Friday, 3 October 2014

The blame game...

If you have seen the video about the lil kid arguing with his mum about cupcakes you know what a pa-pow is...

If not... Well it's a whack on the bum! 

I love siddy's bum and I totally love whacking it! And I love the word pa-pow as does he!! 

So the other day while playing I said 'siddy I'll give you a pa-pow on your bum or what?!'

And he laughed and smacked his own bum!! 

Then we saw my mum quietly doing something in the kitchen .. So I told him go give nene a pa -pow.. 

Excitedly and almost running he went into the kitchen and 'whack' right on her bum!!! 

And he squealed in excitement while she pretended to have got hurt!! 

Now he was charged up.. He ran towards me then ran back and gave her one more smack!!

Again he squealed and she shouted out!!! He was going nuts by now... 

So my mum jokingly said ' who is this monkey that's giving me pa-pows ?!!' 

Guess what he does..

In a second he points towards me saying 'Mumma'!!!!
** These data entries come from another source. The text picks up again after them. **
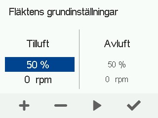 - Justera ventilerna och ställ in sådana kontrollprocentsatser på tillufts- och frånluftsfläktarna som möjliggör luftflödena i Hemma-läget.
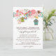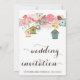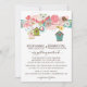 Illustrations of two pink and brown love birds surrounded with whimsical spring flowers and blue, pink and green hanging bird houses. Very cute and whimsical perfect for summer and spring weddings.
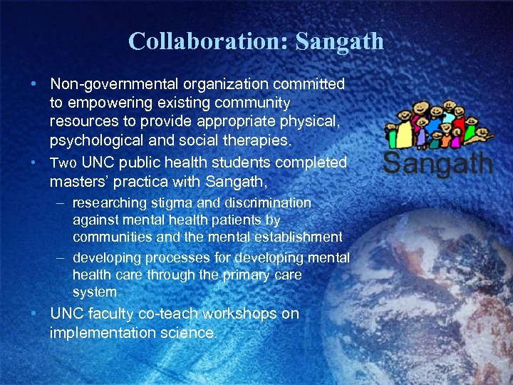 Collaboration: Sangath • Non-governmental organization committed to empowering existing community resources to provide appropriate physical, psychological and social therapies. • Two UNC public health students completed masters’ practica with Sangath, – researching stigma and discrimination against mental health patients by communities and the mental establishment – developing processes for developing mental health care through the primary care system • UNC faculty co-teach workshops on implementation science.
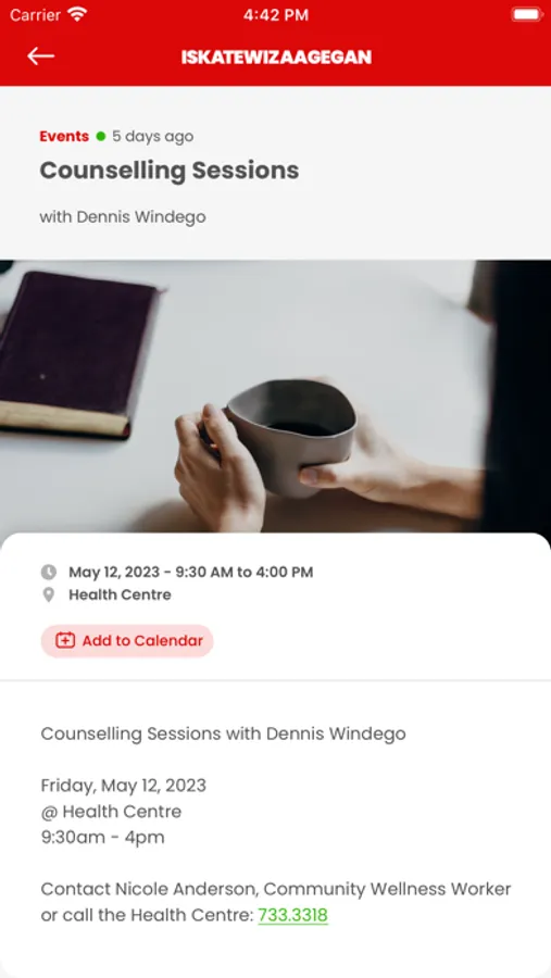 - View personalized feed supplied by the Band Office in a chronological order or by category:
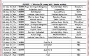 IPL 2025 New Shedule: भारत और पकिस्तान के बीच चल रहे तनाव के चलते आईपीएल मैच रोक दिया गया था। लेकिन अब नया शेड्यूल जारी किया गया है। अब IPL 2025 का मैच 17 मई से शुरू होगा।
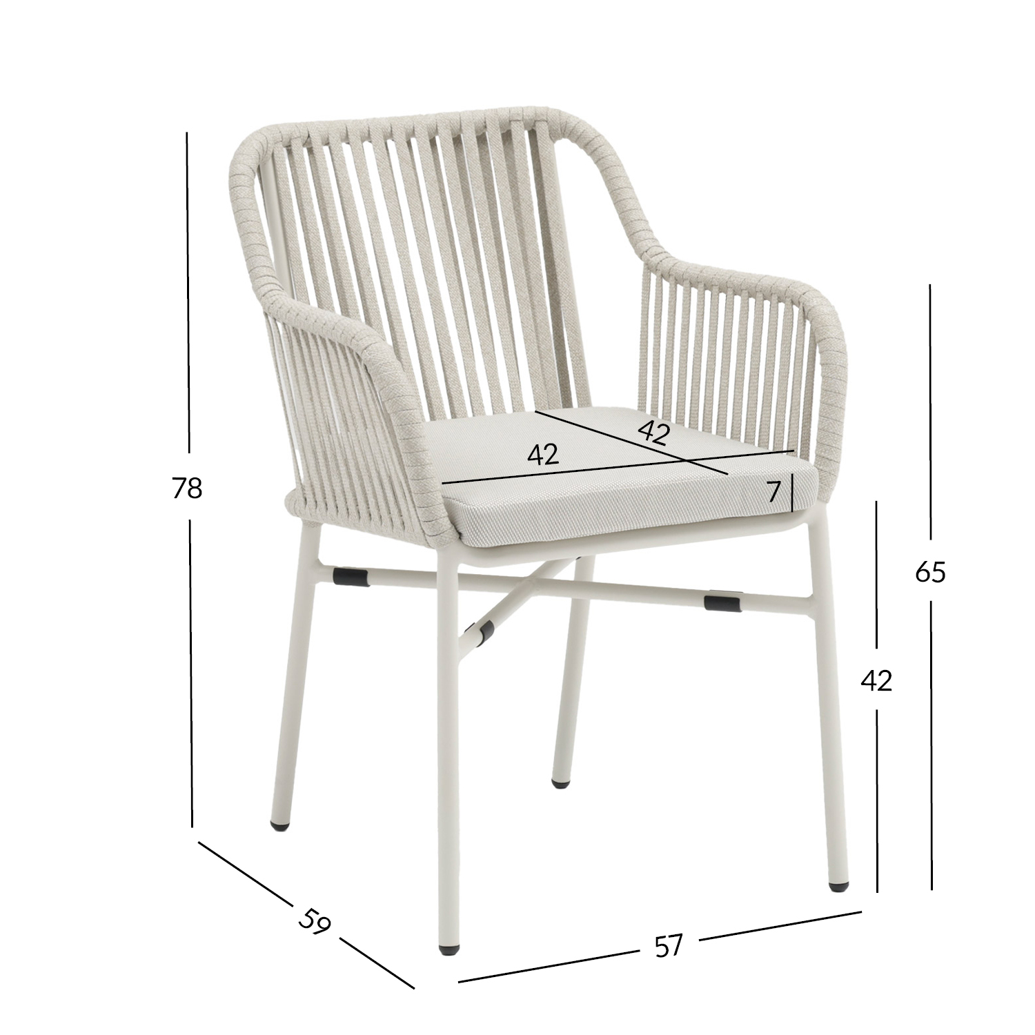 Bendri kėdės matmenys 57x59xH78 cm. Sėdynės aukštis iki rėmo krašto 42 cm. Porankio aukštis nuo žemės 65 cm.
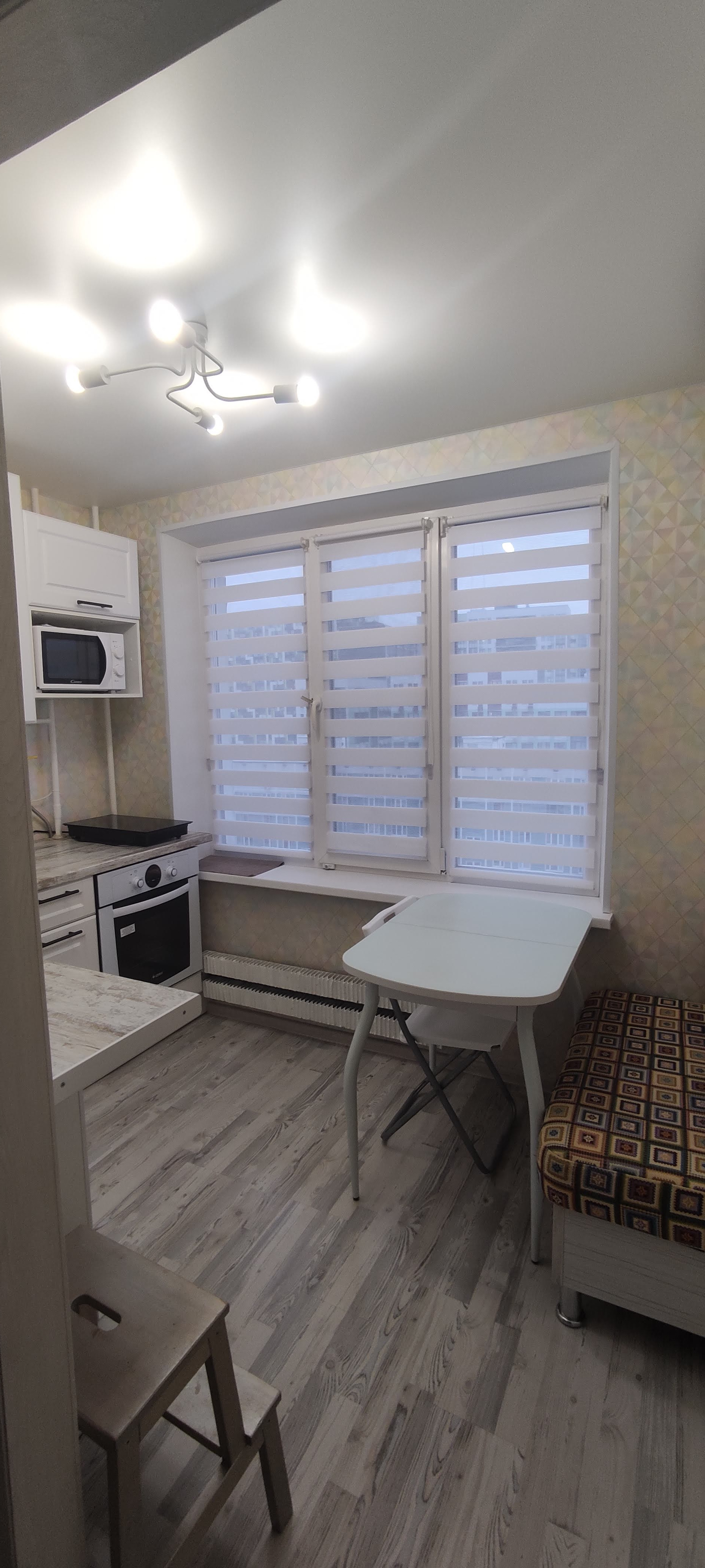 Впервые сдается на длительный срок очень уютная, светлая, теплая и практичная двухкомнатная квартира общей площадью 45 кв м. Две комнаты: большая 19 кв.м. и маленькая 8 кв. м., совмещенный санузел. Есть застекленный удобный чистый балкон, окна во двор. В квартире имеется все необходимое для комфортного проживания: двухкамерный холодильник, новая СВЧ, варочная индукционная панель, современный газовый духовой шкаф, белый обеденный стол (раскладывается) посудомоечная машина, 2 сплит-системы (кухня и большая комната, стиральная машина, утюг, интернет Wi-Fi, двухместная кровать с ортопедическим матрасом, раскладной диван (маленькая комната; на фото его нет), чистая сантехника, ванная комната полностью в плитке, встроенные шкафы в маленькой комнате и прихожей, антресоли. Она ПВХ с москитными сетками и замками от детей. Очень много мест для хранения, рабочая зона. Идеально для семьи, рассмотрим разный состав.
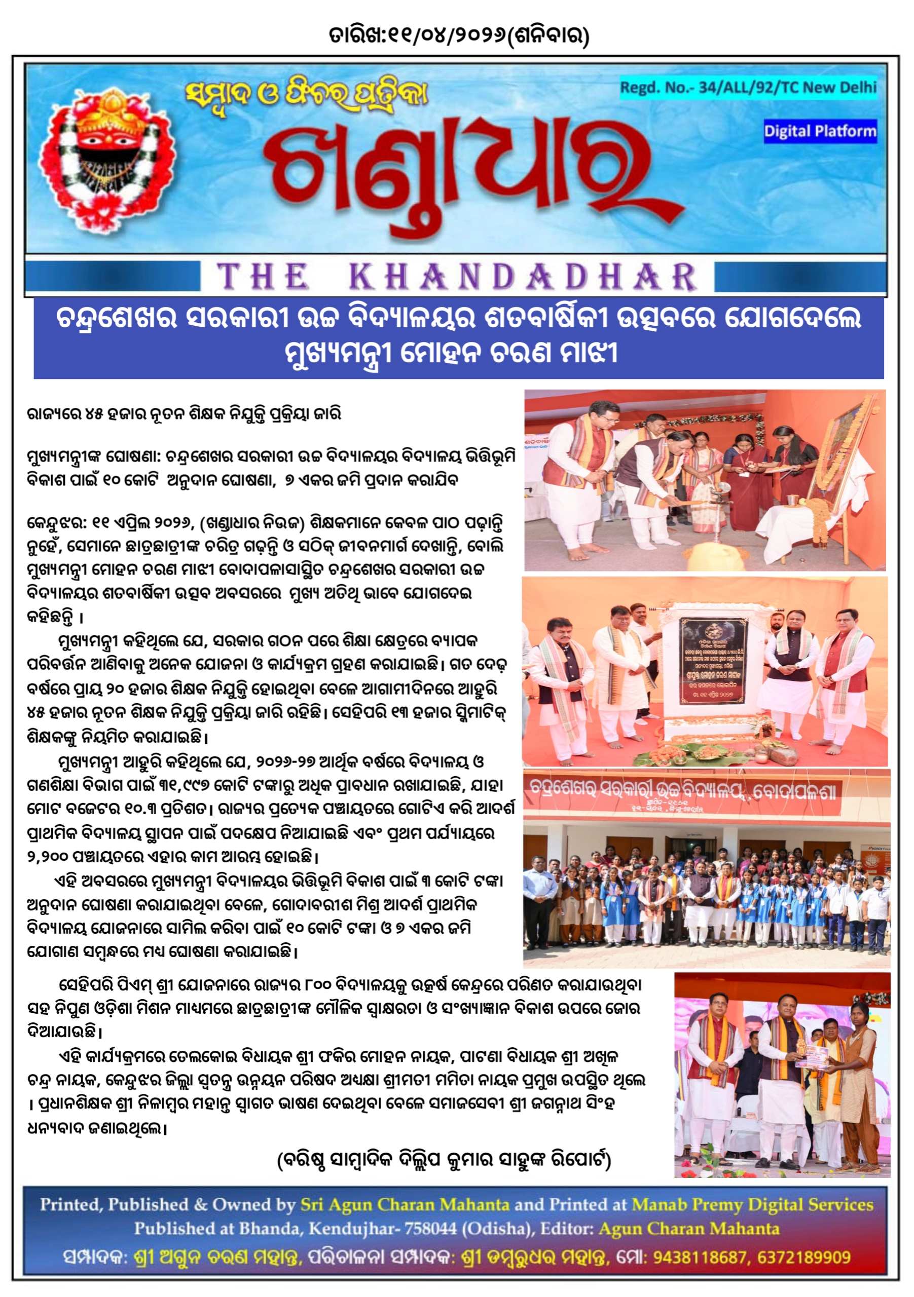 ଚନ୍ଦ୍ରଶେଖର ସରକାରୀ ଉଚ୍ଚ ବିଦ୍ୟାଳୟର ଶତବାର୍ଷିକୀ ଉତ୍ସବରେ ଯୋଗଦେଲେ ମୁଖ୍ୟମନ୍ତ୍ରୀ ମୋହନ ଚରଣ ମାଝୀ।
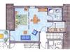 Raumaufteilung: Kombinierter Wohn- und Schlafraum mit Doppelbett, separater Küche, Duschbad.
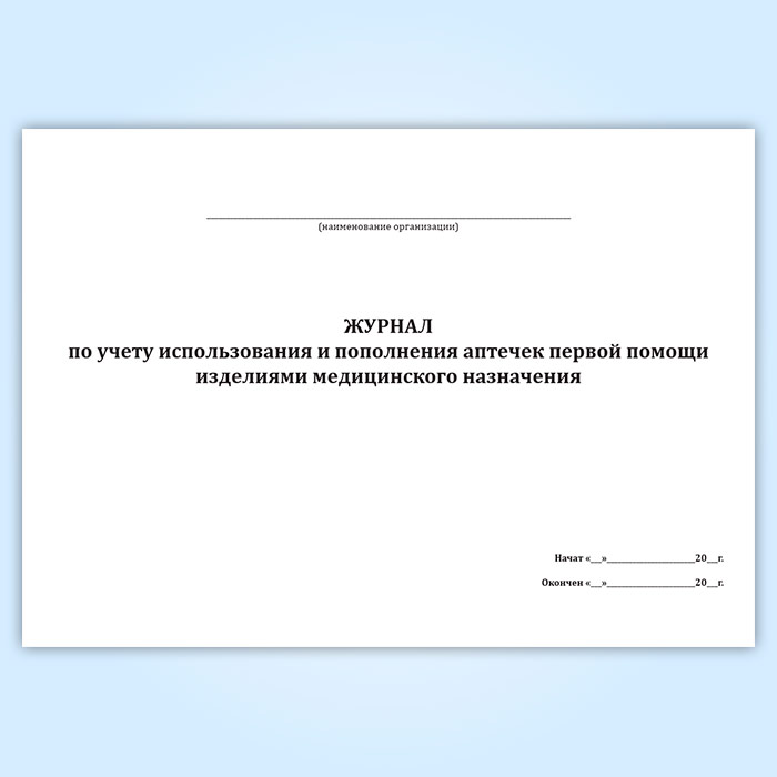 Журнал по учету использования и пополнения аптечек первой помощи изделиями медицинского назначения в Сочи купить
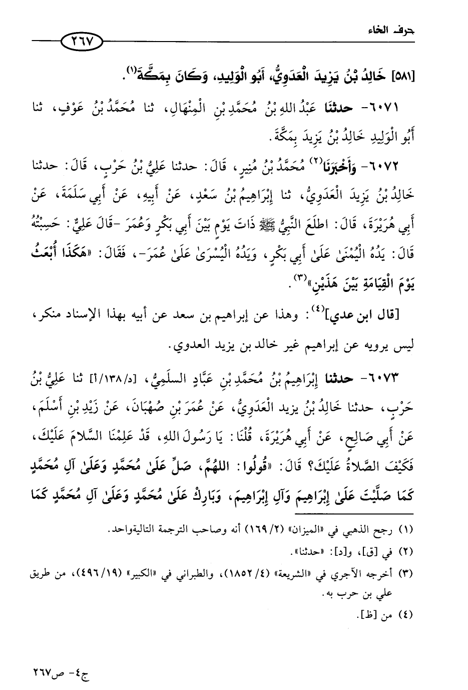 قال ابنُ عَدي: وهذا عن إبراهيم بن سعد عن أبيه بهذا الإسناد منكر، ليس يرويه عن إبراهيم غير خالد بن يزيد العدوي.
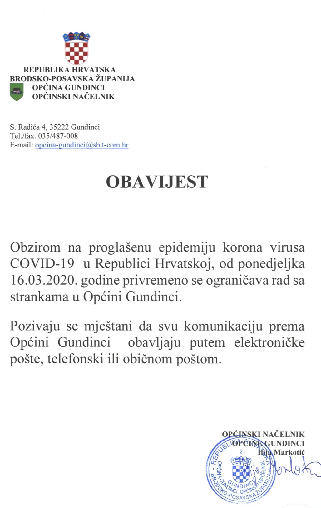 Početna|Nekategorizirano|Privremeno se ograničava rad sa strankama u Općini Gundinci
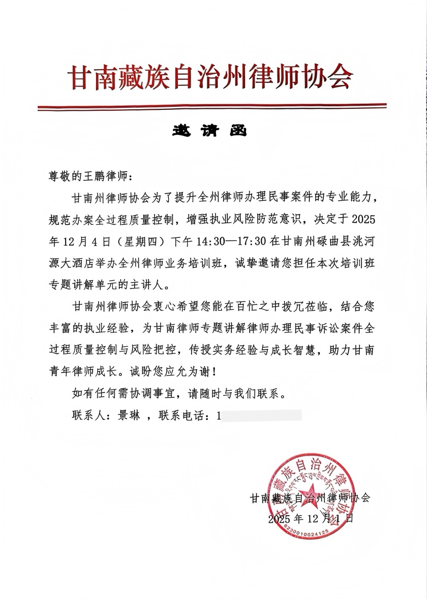 2025年12月4日下午,正值第十二个国家宪法日,甘肃合睿律师事务所合伙人王鹏律师,应甘南藏族自治州律师协会之邀,在第十二个国家宪法日碌曲县系列活动暨全州律师培训学习会上作了题为《民事诉讼全过程质量控制与风险把控要点》的专题讲座。甘南藏族自治州各县司法局及法律援助中心工作人员、全州执业律师及实习律师等共同参与了交流学习,培训会由甘南藏族自治州律师协会会长李平主持。
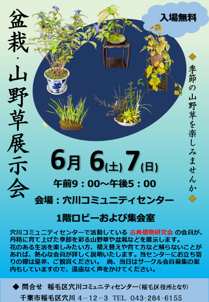 6月6日(土)7日(日)、古典植物研究会の皆様による展示会が開催されます。
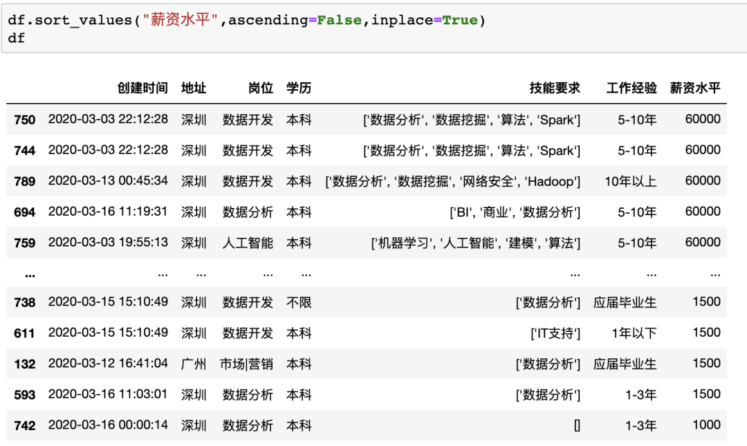 在pandas中可以使用sort_values进行排序,使用ascending来控制升降序,例如将示例数据按照薪资从高到低进行排序可以使用df.sort_values("薪资水平",ascending=False,inplace=True)
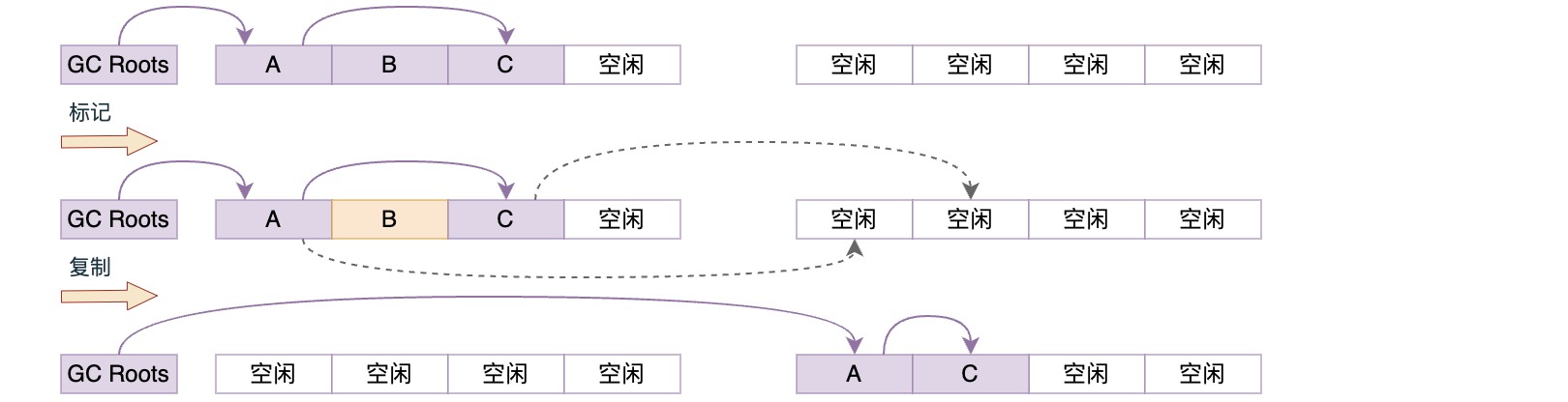 它的代价是在标记-清除的基础上还需进行对象的移动,成本相对较高,好处则是不会产生内存碎片。

So not only have we pa-powed nene.. We have happily blamed mum for it!!!!


Wednesday, 1 October 2014

Baby smells!!!

Have you ever stuck you nose to a baby's cheek and inhaled deeply? 

No?

You should try it someday... It's the most awesome smell ever... And I'm not just talking about the Johnson and Johnson smell... I'm taking about the baby's smell....

It's somehow also one of the most comforting smells...

Even at 19 months Siddy has this amazing baby smell which I love.... And his soft little cheek.. Ah the combination is fatal.. I can give up work or food or anything for it! 

Because once you get that whiff all you want to do is cuddle and snuggle with the little munchkin for the rest of the day!

All you want is to keep kissing him and hugging him and sniffing him like some drug!! 

Go smell a little munchkin today and tell me what you think!